§ Problem description: Retype each record exactly; no pictures.

§ Data shown:
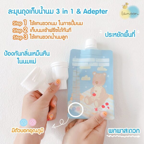 Lamoon 3 in 1 Storage bag ถุงเก็บน้ำนมแม่ 3IN1
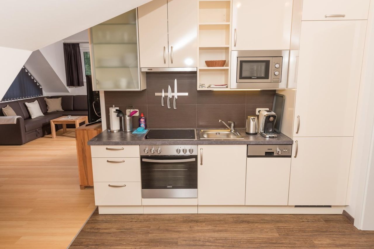 Küchenbereich mit Geschirrspüler, Ceranfeld, Backrohr, Mikrowelle, Dunstabzug, Kaffeemaschine, Kühl,- Gefrierschrank
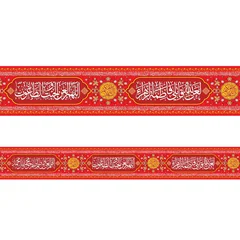 کتیبه ( پرچم ) مخمل اللهم العن الجبت و الطاغوت به رنگ قرمز به همراه اسامی چهارده معصوم (ع) و دعای سلامتی امام زمان (عج) ، اللهم عجل لولیک الفرج ، صلوات - مناسب مجالس شادی اهل بیت (ع) که در ابعاد مختلف قابل سفارش است. استفاده شده از پارچه مخمل قابل شستشو با بهترین کیفیت چاپ و پارچه، همراه با دور دوزی و ریشه دوزی می باشد. این محصول از طراحی تا چاپ به طور کامل در انتشارات مشهور به تولید رسیده است.
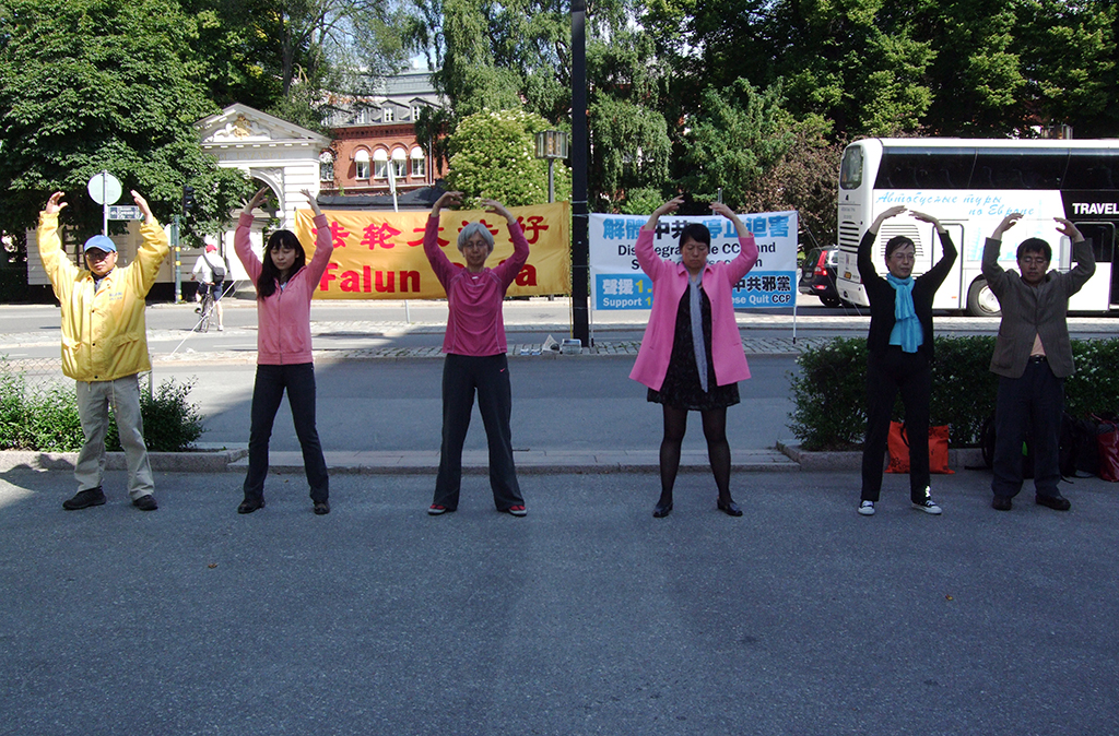 瑞典退!党!服务中心的义工们自今年六月份以来,每个周末都在斯德哥尔摩市政厅前举办洪法、讲真相劝“三:退.”活动,让这个著名的旅游景点又出现了一道风景,那就是伴随着法轮功悦耳的炼功音乐的祥和的炼功场面。 法轮功学员在这里向前来旅游的中国人发放真相资料,向人们讲述法轮大法的美好以及中共编造谎言欺骗民众、残酷迫害法轮功的事实真相。帮助那些明白真相的人们退出中共邪*党-组织——共产党、共青团和少先队(简称“三:退.”)。
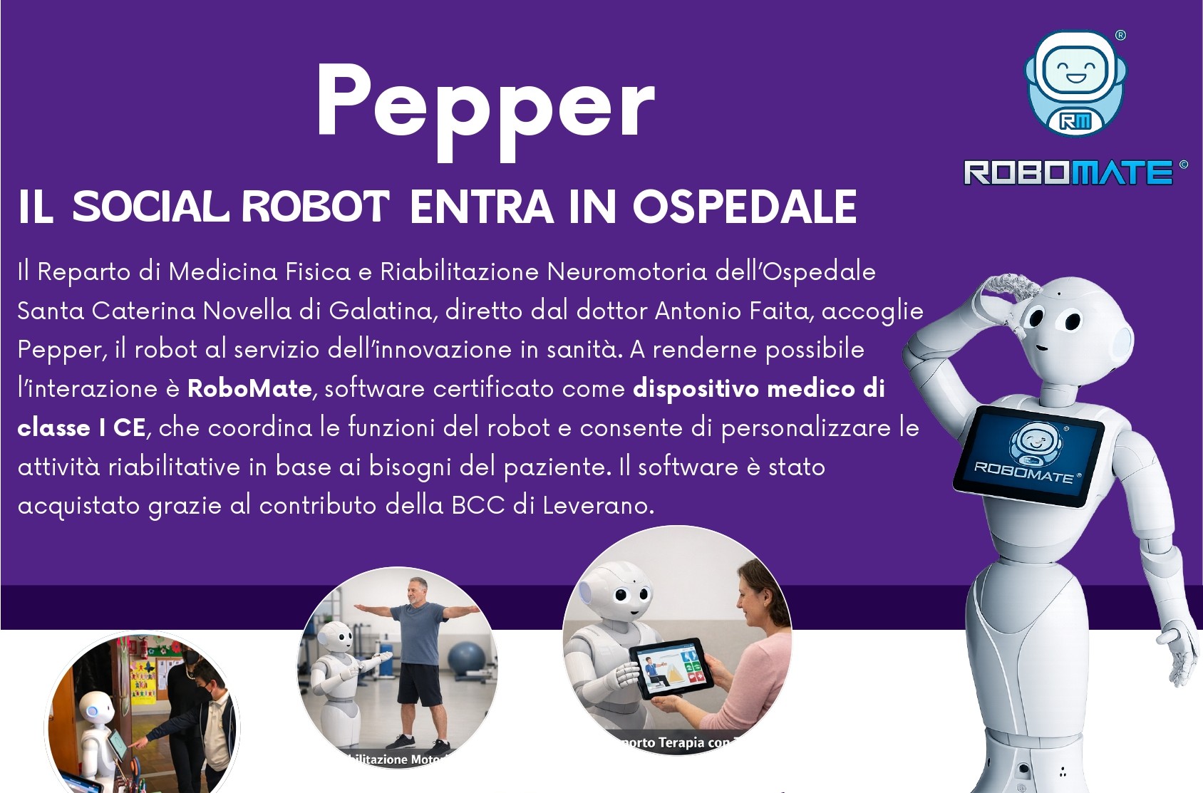 Nel reparto di Medicina Fisica e Riabilitazione Neuromotoria dell’ospedale “Santa Caterina Novella” di Galatina, diretto dal dottor Antonio Faita, sarà introdotta una tecnologia innovativa destinata a supportare concretamente il lavoro dei professionisti sanitari. Grazie alla collaborazione con l’Augmented and Virtual Reality Laboratory (AVR Lab) del Dipartimento di Ingegneria dell’Innovazione dell’Università del Salento, diretto dal professor Lucio Tommaso De Paolis, e grazie al contributo economico offerto dalla Banca di Credito Cooperativo di Leverano che ha permesso l’acquisto del software RoboMate, il reparto, infatti, potrà usufruire dell’aiuto di Pepper, il robot umanoide progettato proprio da AVR Lab.

§ Solution for this task:
 Lamoon 3 in 1 Storage bag ถุงเก็บน้ำนมแม่ 3IN1
 Küchenbereich mit Geschirrspüler, Ceranfeld, Backrohr, Mikrowelle, Dunstabzug, Kaffeemaschine, Kühl,- Gefrierschrank
 کتیبه ( پرچم ) مخمل اللهم العن الجبت و الطاغوت به رنگ قرمز به همراه اسامی چهارده معصوم (ع) و دعای سلامتی امام زمان (عج) ، اللهم عجل لولیک الفرج ، صلوات - مناسب مجالس شادی اهل بیت (ع) که در ابعاد مختلف قابل سفارش است. استفاده شده از پارچه مخمل قابل شستشو با بهترین کیفیت چاپ و پارچه، همراه با دور دوزی و ریشه دوزی می باشد. این محصول از طراحی تا چاپ به طور کامل در انتشارات مشهور به تولید رسیده است.
 瑞典退!党!服务中心的义工们自今年六月份以来,每个周末都在斯德哥尔摩市政厅前举办洪法、讲真相劝“三:退.”活动,让这个著名的旅游景点又出现了一道风景,那就是伴随着法轮功悦耳的炼功音乐的祥和的炼功场面。 法轮功学员在这里向前来旅游的中国人发放真相资料,向人们讲述法轮大法的美好以及中共编造谎言欺骗民众、残酷迫害法轮功的事实真相。帮助那些明白真相的人们退出中共邪*党-组织——共产党、共青团和少先队(简称“三:退.”)。
 Nel reparto di Medicina Fisica e Riabilitazione Neuromotoria dell’ospedale “Santa Caterina Novella” di Galatina, diretto dal dottor Antonio Faita, sarà introdotta una tecnologia innovativa destinata a supportare concretamente il lavoro dei professionisti sanitari. Grazie alla collaborazione con l’Augmented and Virtual Reality Laboratory (AVR Lab) del Dipartimento di Ingegneria dell’Innovazione dell’Università del Salento, diretto dal professor Lucio Tommaso De Paolis, e grazie al contributo economico offerto dalla Banca di Credito Cooperativo di Leverano che ha permesso l’acquisto del software RoboMate, il reparto, infatti, potrà usufruire dell’aiuto di Pepper, il robot umanoide progettato proprio da AVR Lab.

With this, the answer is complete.